Кому в раю жить хорошо... - Страница 131


К оглавлению

131

Теплые домашние чувства потихоньку вытесняли отчужденный холод, который пришел сразу после пробуждения. Теперь вампиры были далеко. Честное слово, она никогда бы не променяла свои избы на ту гостиную! Живите, как хотите!

И вдруг, внимание ее привлекла неясная тень на стене, которая в отблесках становилась то отчетливее и выше, то как-то рассеивалась. Она слегка высунула голову. Перед печью сидел зверь, который проник в дом, пока они спали. Зверь раскачивался из стороны в сторону, словно бы разговаривал сам с собою, усы топорщились, глаза, в отражении огня, то широко открывались, словно бы удивленно, то хитро прищуривались, будто он умиротворено умилялся, и уж как-то слишком по-умному чесал свой затылок задней лапой, заглушая шепоток мурлыканьем.

И изба пустила его!

Манька чутко прислушалась к эманациям избы. Спокойные, может быть, даже радостные. Скорее, именно эманации избы успокоили ее, когда она почувствовала себя дома. Она расслабилась. Старый друг — у избы их было много. И уже без напряжения заинтересовалась гостем, прислушалась к его мягкому и едва различимому шепотку, не решаясь показать свое присутствие.

— Мяу, что я слышу?! — шепоток Зверя был сладкий и неестественно проникновенный. — Избушечкина правда. Но сама ли ты повелась, или повел кто?! Ш-ш-ш, старушечка свихнулась на старости лет, да, но да с кем не бывает? А старушечкина дочушка чем твоему горю пособляла? То-то и оно! — Зверь изогнулся, подперев морду лапой. — Маня печь топит? Половички стирает?

И снова теплые эманации, которые обнаружила еще раньше. Манька с удивлением поняла, что речь идет о ней, и она читает их, как свои чувства.

— Ах, стирает?
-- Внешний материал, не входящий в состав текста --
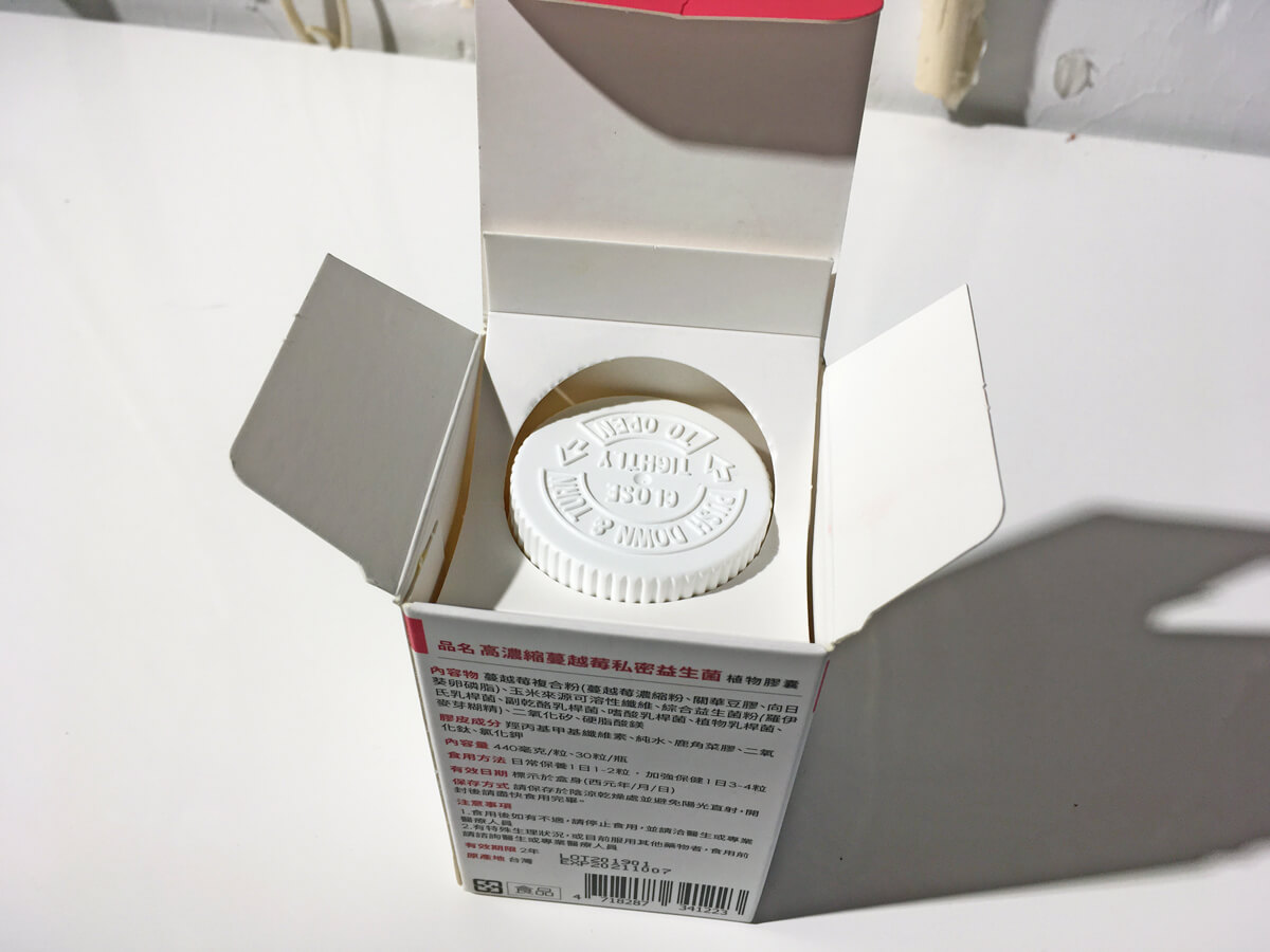 悠活原力的保健品在包裝設計上也很用心,不只有在外包裝設計紙夾防撞。也在瓶內放入塑膠紙,避免在運送途中發生劇烈的撞擊影響到膠囊質量。而為了確保商品是最新鮮的狀態給消費者,也在瓶內放入防潮乾燥劑。

Да стирка ли это, замочила да выжала! Ой ли? Ленивая она, как я погляжу. Вот ты пироги печешь, а она не прибирает, не выметает, пылиночку со скамеечки не сдувает… — спит! Не сама ли ты себя обихаживаешь? А Бабы Яги дочушка и топила бы, и стирала бы, и травушку собирала бы! Солнышко не вставало, чтобы дорогая моя хозяюшка в постели, как Манечка, валялась. Рукодельница, работящая, день-деньской государствами управляет, и избушечка у нее в тыщу раз поболее тебя, так что и тебя избушечка вместила бы. И стала бы жить-поживать, да добро наживать! А добро непростое, вся заморское! Въелся нечистый во внутрь тебя, ну слила Маня нечистого, и что ж поделывает? Спит! Ест! Доброте твоей пересмешница да нахлебница. Какая радость от собаки, если облаяла прохожего, да в передний угол села? Не забыла ли, кто хозяюшка тебе? — Борзеевич пошевелился, во сне почесав нос. Зверь резко обернулся в его сторону, привстав на задних лапах. — Ой, а это кто?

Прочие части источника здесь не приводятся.